Instructions for the task:
Nothing after the line with "Σύμφωνα με τα" belongs in the copy; extract the lines below from the top through that line, pictures left out.

Stored data:
::::

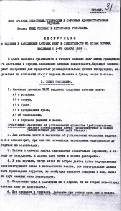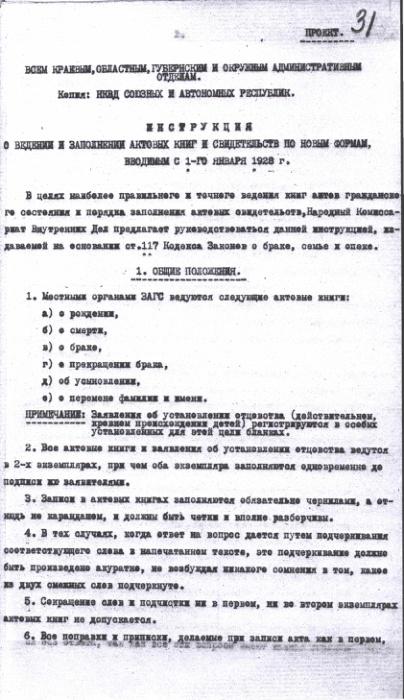 Инструкция о ведении и заполнении актовых книг органами ЗАГС. 1 января 1928 г.
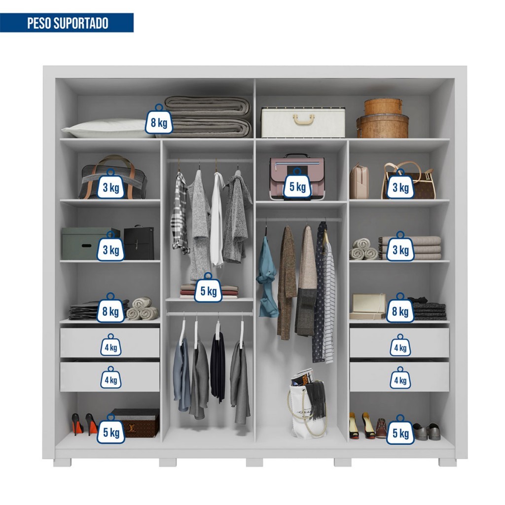 Guarda-Roupa Casal Castellana 2 Portas 4 Gavetas com Espelho - Pnr Móveis
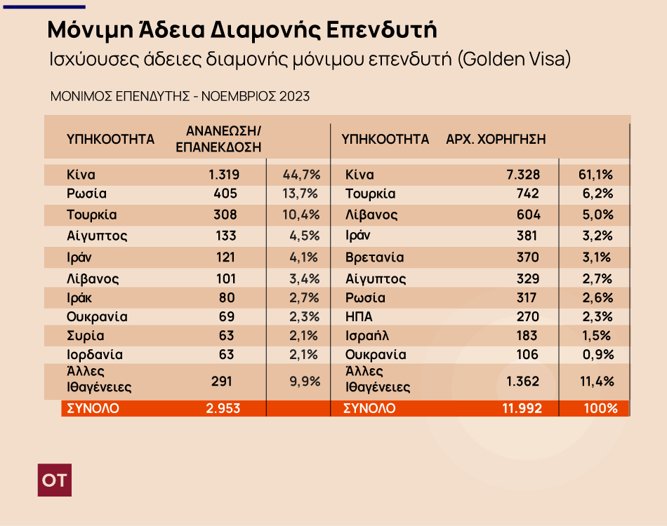 Σύμφωνα με τα στοιχεία του υπουργείου Μεταναστευτικής Πολιτικής, κατά το διάστημα από τον Ιανουάριο µέχρι και τον Νοέµβριο του 2023 οι άδειες που είχαν χορηγηθεί προς επενδυτές από τη Βρετανία σηµείωσαν αύξηση κατά 77,8%, από 208 σε 370.
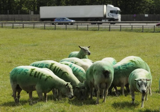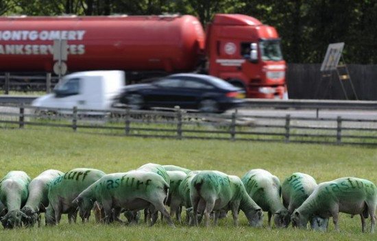 Trang trại của ông James Metcalfe gần Richmond, North Yorkshire, nằm bên cạnh quốc lộ A1, có rất nhiều xe cộ qua lại. Ông từng đề xuất dựng biển quảng cáo có tên công ty ở đây nhưng bị chính quyền từ chối với lý do nó có thể làm sao nhãng sự tập trung của lái xe. Để “lách luật”, ông nảy ý tưởng thay thế biển quảng cáo bằng... những con cừu.
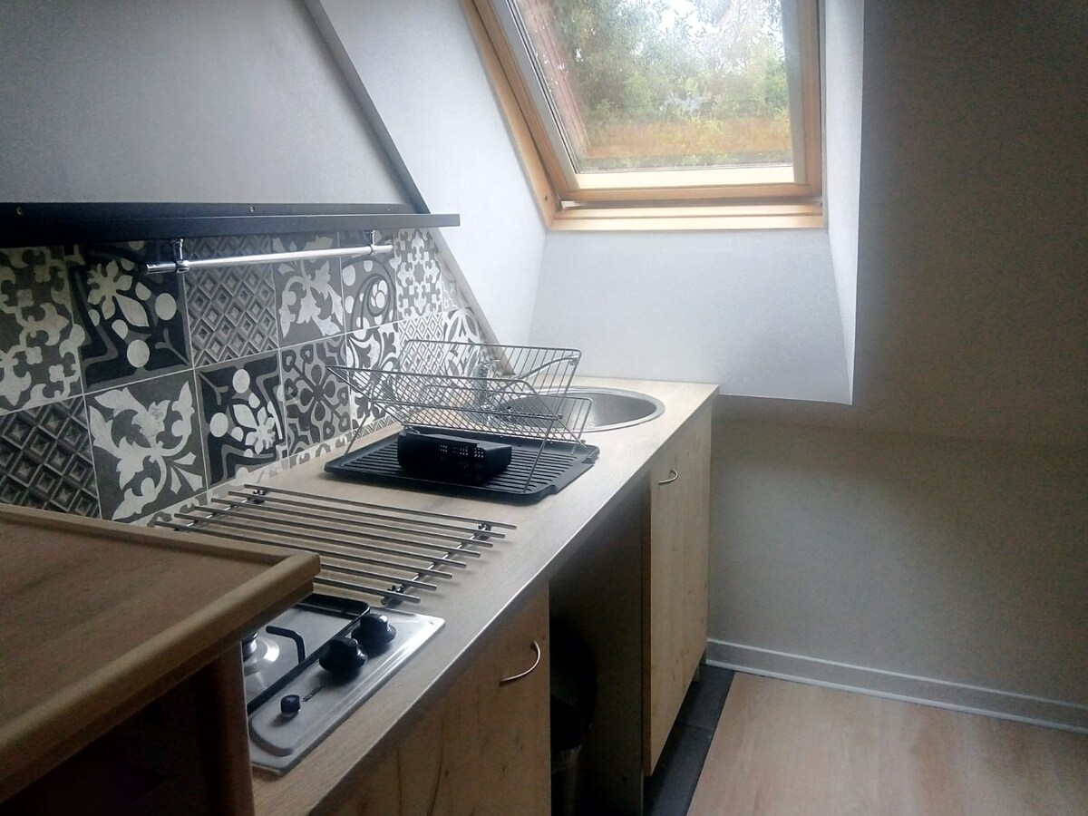Nice studio for 2 people: new, adjoining the owner's house and with independent entrance. - 2-person bed 140 cm x 190 cm ***NEW 2024 (replacing the sofa bed)*** - Dining area: table + 2 chairs - Integrated kitchen: induction cooktop, range hood, microwave, fridge, toaster - Bathroom (shower and toilet) - Table, chairs and clothesline available outside

::::

Response area:
 Инструкция о ведении и заполнении актовых книг органами ЗАГС. 1 января 1928 г.
 Guarda-Roupa Casal Castellana 2 Portas 4 Gavetas com Espelho - Pnr Móveis
 Σύμφωνα με τα στοιχεία του υπουργείου Μεταναστευτικής Πολιτικής, κατά το διάστημα από τον Ιανουάριο µέχρι και τον Νοέµβριο του 2023 οι άδειες που είχαν χορηγηθεί προς επενδυτές από τη Βρετανία σηµείωσαν αύξηση κατά 77,8%, από 208 σε 370.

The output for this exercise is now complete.